Los gastos totales de los ámbitos de gobierno en México a mediano plazo representarán serios problemas de sustentabilidad, advierten la Secretaría de Hacienda y la Comisión Permanente de Funcionarios Fiscales. En el "Diagnóstico General y por Temas Pertinentes: Gasto Público", la Comisión Técnica de la Convención Nacional Hacendaria (CNH) señala que los estados no tienen solvencia económica para enfrentar el déficit generado por los procesos de descentralización de la educación y salud que año con año se está incrementando.
Además, enfatiza, la transferencia de recursos por parte de la Federación carece de transparencia.
Señala la necesidad de reducir la tendencia al alza del gasto y por otra la urgencia de incrementar el ingreso.
El documento expone que del gasto neto total del gobierno federal, sólo 6 por ciento es susceptible de reasignación hacia otros programas, ya que el resto tiene carácter de irreductible o está sujeto a diversas disposiciones jurídico normativas.
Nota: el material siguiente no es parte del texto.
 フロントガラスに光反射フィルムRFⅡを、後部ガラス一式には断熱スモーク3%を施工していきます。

"El gasto público se concentra en el ámbito federal, aun por encima de los promedios que muestran los países de la OCDE, pero menor a lo que ocurre en los países de América Latina", remarca.
En cuanto a los municipios, expone que muestran porcentajes de distribución del gasto total nacional, muy por debajo de lo que ocurre en los países de la OCDE, pero por encima de los países latinoamericanos.
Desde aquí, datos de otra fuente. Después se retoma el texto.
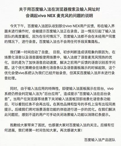在QQ浏览器偷偷调用摄像头事件后,vivo NEX官方进行了系统升级,加入了对第三方应用调用摄像头、麦克风的提醒功能。之后有网友发现并爆料称,百度输入法在未唤醒语音输入时,存在偷偷录音的现象。百度对此回应显示输入法做了语音麦克风预热的优化,但目的是为了加快语音启动速度,解决用户反馈的语音识别丢字问题,并未进行录音处理。
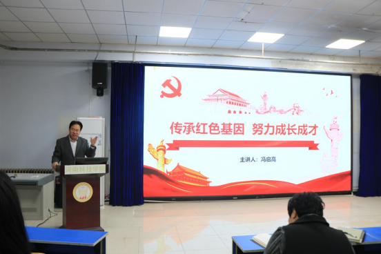 冯启高以“传承红色基因,努力成长成才”为主题,围绕传承红色基因、树立远大理想、提高品德修养、努力成长成才四个方面展开。首先,他讲述了小麦育种专家茹振钢教授躬耕麦田的科研探索精神,详细介绍了91抖音 的光荣发展史,鼓励同学们要发扬艰苦奋斗精神,传承革命红色基因;接着,冯启高从日常学习和生活方面讲到大学与中学的不同,提醒同学们大学是走向社会的重要阶段,应树立远大理想,学会独立思考,明确努力方向;最后,冯启高讲到:“一个人成功与否,能力、知识固然重要,但品德修养不可或缺”,他要求同学们要提高品德修养,加强团队合作,严于律己、宽以待人。冯启高指出“幸福都是奋斗出来的”,希望同学们能够珍惜大学时光,掌握扎实知识,提升综合素养,努力成长成才,为父母、祖国和社会交上一份满意的答卷。

Hace énfasis en que el grado de autonomía del gasto público de los ámbitos subnacionales debe crecer con su correspondiente reforma en la gestión del gasto público, que contemple mayor eficiencia y eficacia en su manejo.
Ello, agrega, a través de un enfoque de resultados, la implementación de mecanismos que transparenten su ejercicio y una mejora en la rendición de cuentas.
Pone en evidencia el escaso margen de maniobra que tienen los estados al presentar datos crecientes del gasto corriente, lo que limita su capacidad de respuesta.
Señala que existe toma de decisiones respecto a los incrementos salariales entre la Federación y el sindicato, sin intervención de las autoridades estatales, que tienen repercusiones directas en las finanzas estatales por las homologaciones que de dichos acuerdos deriva para el personal a cargo de los gobiernos locales.
En lo que se refiere a salud, "la Federación no transfiere íntegramente los recursos establecidos en el artículo 29 y 30 de la Ley de Coordinación Fiscal".
Agrega que se desconocen las bases de datos que utiliza la Secretaría de Salud federal para la realización de cálculos de distribución del Fondo de Aportaciones para los Servicios de Salud (FASSA).
Al tocar el tema educativo, la comisión técnica concluye que el sistema de distribución de los recursos destinados a educación representa un problema de iniquidad entre las entidades federativas, ya que el gobierno federal otorga menos recursos proporcionalmente a los estados que ya tenían un sistema educativo estatal.
Enfatiza que es necesario delimitar las competencias de los ámbitos federal y municipal.